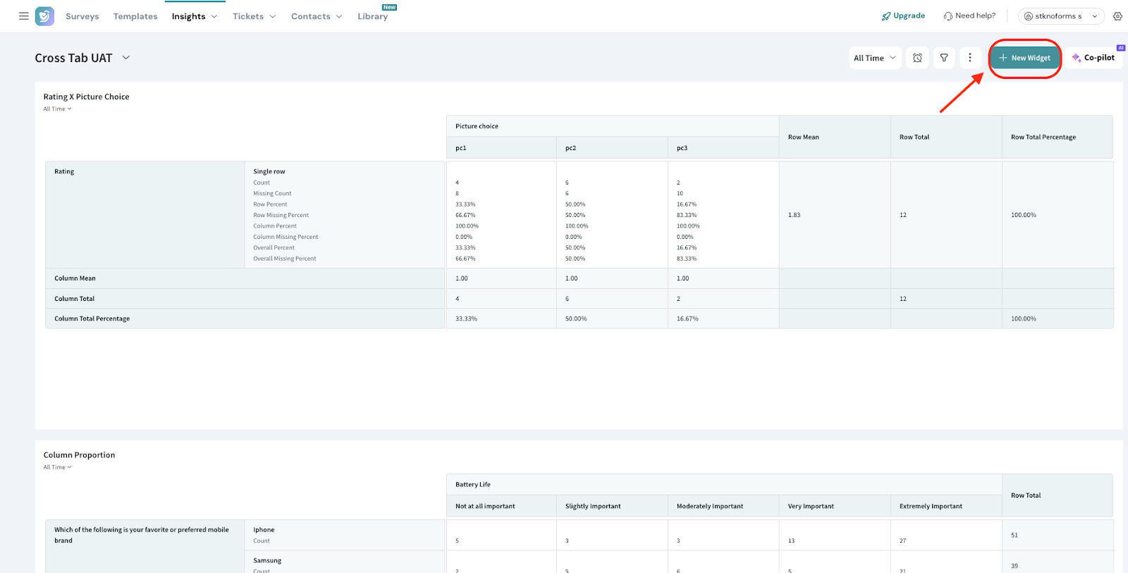 A Crosstab report lets you compare responses from two or more survey questions by displaying one or more questions as columns and one or more questions as rows. This format helps you analyze how different groups of respondents answered across questions, making it easier to identify trends, patterns, and relationships within your survey data.
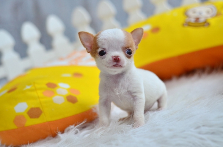 ชิวาวาเพศผู้ขนสั้นสีแฟนซีขาวน้ำตาล
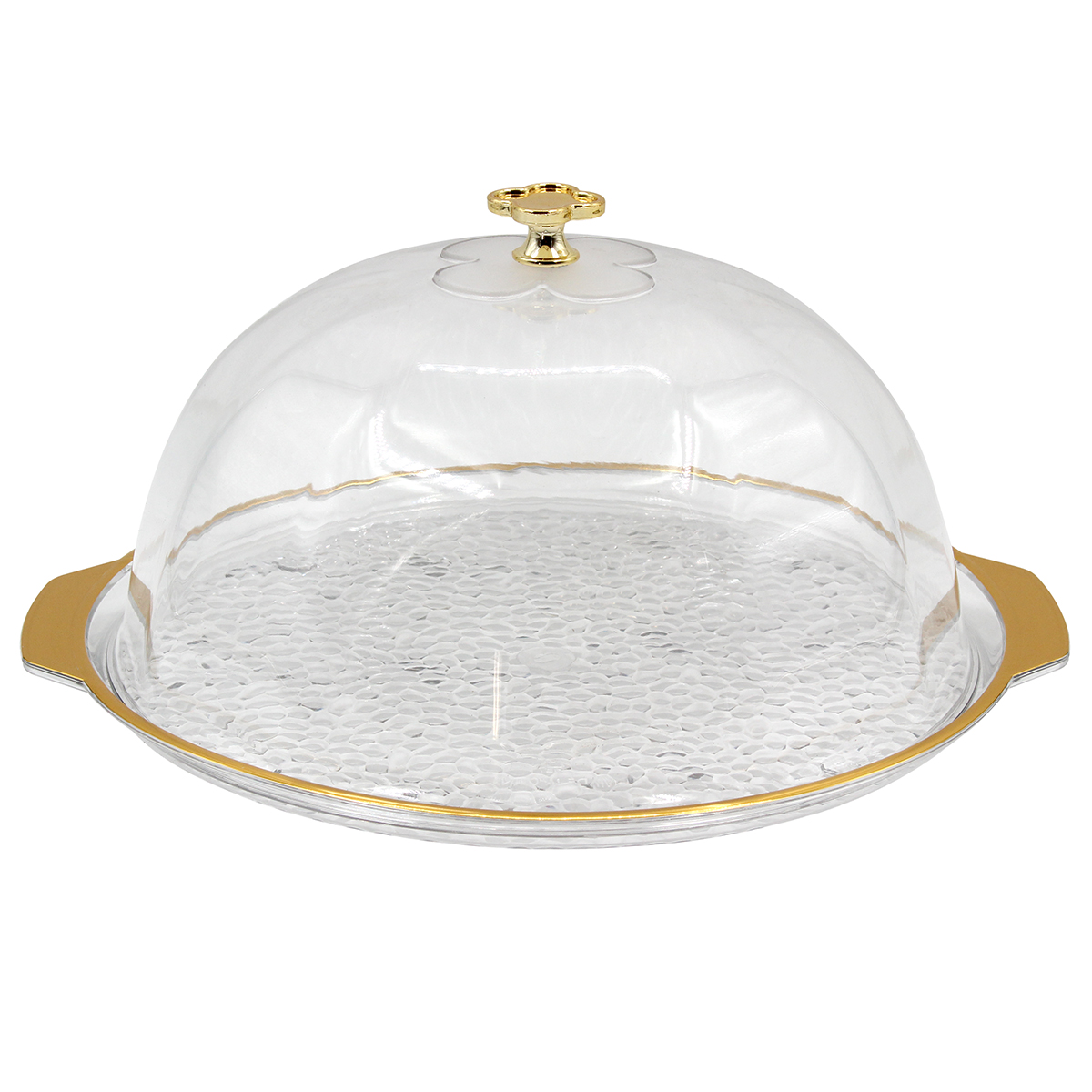 Τουρτιέρα – πιατέλα πλαστική με καπάκι 28Χ25,5Χ12 εκ. με χρυσό
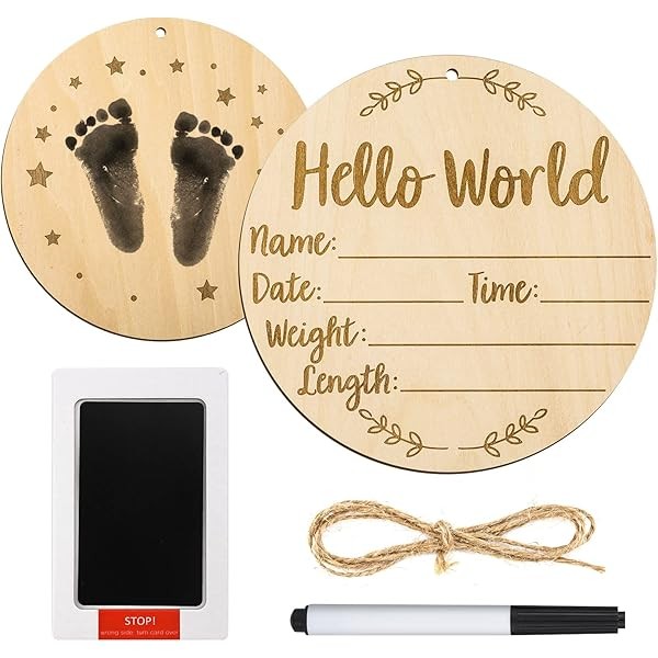 Baby Announcement Sign, 5.9 Inch Round Baby Nursery Name Signs with Ink Pad for Baby Hand and Footprints Wooden Hello World Newborn Sign for Photo Prop
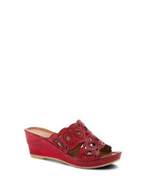 Happy Multi-strap Leather Slip-on Clogs - Red
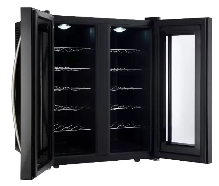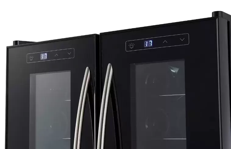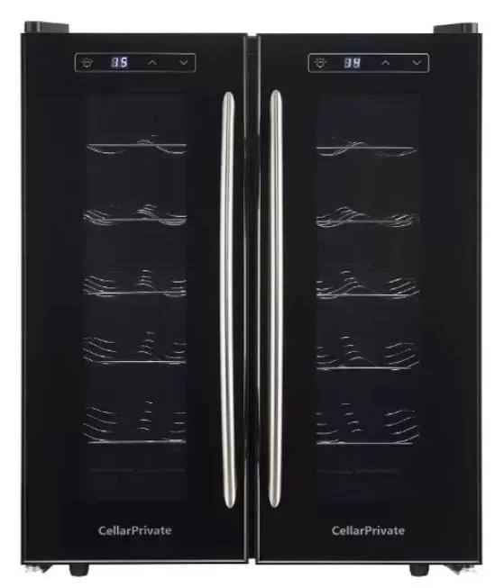 Две камеры в технике такого типа встречаются реже, чем в обычных холодильниках, эти приборы чаще всего предназначены для ресторанов или крупных коллекционеров. Охлажденный воздух поступает внутрь благодаря термоэлектрическому элементу. Размораживается автоматически, поэтому не нужно вручную удалять иней со стенок и поддерживать тем самым оптимальные условия. Общий диапазон температур, которые можно установить: 11-18 градусов.
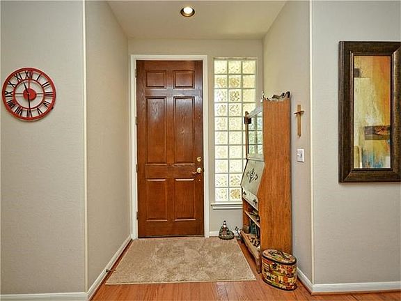Nicely maintained Angelina. Glass storm door with glass block sidelight. Wood floors, carpeted bedrooms. Open living/kitchen and dining area. Custom wood valances in living/dining areas. Tile counters in kitchen with a bay window. Master has a bay window, walk-in closet and silestone counters. Nice fenced yard with covered patio and mature trees. Tandem garage with overhead storage, water softener, attic storage and a side entrance door. New roof in 2013 & new water heater in 2015. (CAT IN THE HOUSE)
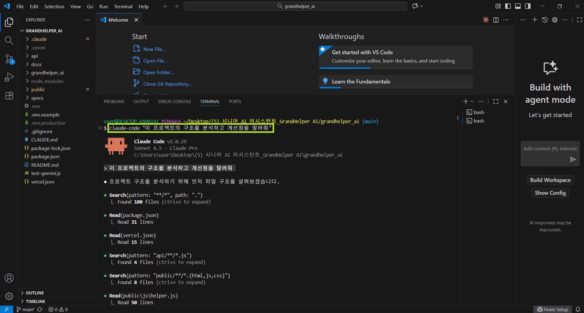 (3) VS Code & Claude Code 연동 개발환경 스크린샷: Claude Dev Tools 설치 후에는 claude-code "이 프로젝트의 구조를 분석하고 개선점을 알려줘"와 같은 프롬프트 입력만으로 클로드 코드봇이 등장, 신속하고 쉽게 문제를 해결합니다.
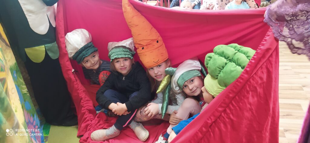 W dniu 27 października nasze przedszkole odwiedzili prawdziwi artyści teatralni. Tym razem aktorzy zaprezentowali naszym przedszkolakom przedstawienie pt. ,,Królowa Jarzynowa”. Dzieci dowiedziały się, dlaczego por, seler, marchewka i pietruszka nazywane są ,,włoszczyzną” oraz dlaczego jedzenie warzyw jest ważne dla naszego zdrowia.,
□ □ □ □ □ □ □
_What you will do_
In the copy, include no pictures; otherwise transcribe the entries exactly.

_Response below_
 A Crosstab report lets you compare responses from two or more survey questions by displaying one or more questions as columns and one or more questions as rows. This format helps you analyze how different groups of respondents answered across questions, making it easier to identify trends, patterns, and relationships within your survey data.
 ชิวาวาเพศผู้ขนสั้นสีแฟนซีขาวน้ำตาล
 Τουρτιέρα – πιατέλα πλαστική με καπάκι 28Χ25,5Χ12 εκ. με χρυσό
 Baby Announcement Sign, 5.9 Inch Round Baby Nursery Name Signs with Ink Pad for Baby Hand and Footprints Wooden Hello World Newborn Sign for Photo Prop
 Happy Multi-strap Leather Slip-on Clogs - Red
 Две камеры в технике такого типа встречаются реже, чем в обычных холодильниках, эти приборы чаще всего предназначены для ресторанов или крупных коллекционеров. Охлажденный воздух поступает внутрь благодаря термоэлектрическому элементу. Размораживается автоматически, поэтому не нужно вручную удалять иней со стенок и поддерживать тем самым оптимальные условия. Общий диапазон температур, которые можно установить: 11-18 градусов.
Nicely maintained Angelina. Glass storm door with glass block sidelight. Wood floors, carpeted bedrooms. Open living/kitchen and dining area. Custom wood valances in living/dining areas. Tile counters in kitchen with a bay window. Master has a bay window, walk-in closet and silestone counters. Nice fenced yard with covered patio and mature trees. Tandem garage with overhead storage, water softener, attic storage and a side entrance door. New roof in 2013 & new water heater in 2015. (CAT IN THE HOUSE)
 (3) VS Code & Claude Code 연동 개발환경 스크린샷: Claude Dev Tools 설치 후에는 claude-code "이 프로젝트의 구조를 분석하고 개선점을 알려줘"와 같은 프롬프트 입력만으로 클로드 코드봇이 등장, 신속하고 쉽게 문제를 해결합니다.
 W dniu 27 października nasze przedszkole odwiedzili prawdziwi artyści teatralni. Tym razem aktorzy zaprezentowali naszym przedszkolakom przedstawienie pt. ,,Królowa Jarzynowa”. Dzieci dowiedziały się, dlaczego por, seler, marchewka i pietruszka nazywane są ,,włoszczyzną” oraz dlaczego jedzenie warzyw jest ważne dla naszego zdrowia.,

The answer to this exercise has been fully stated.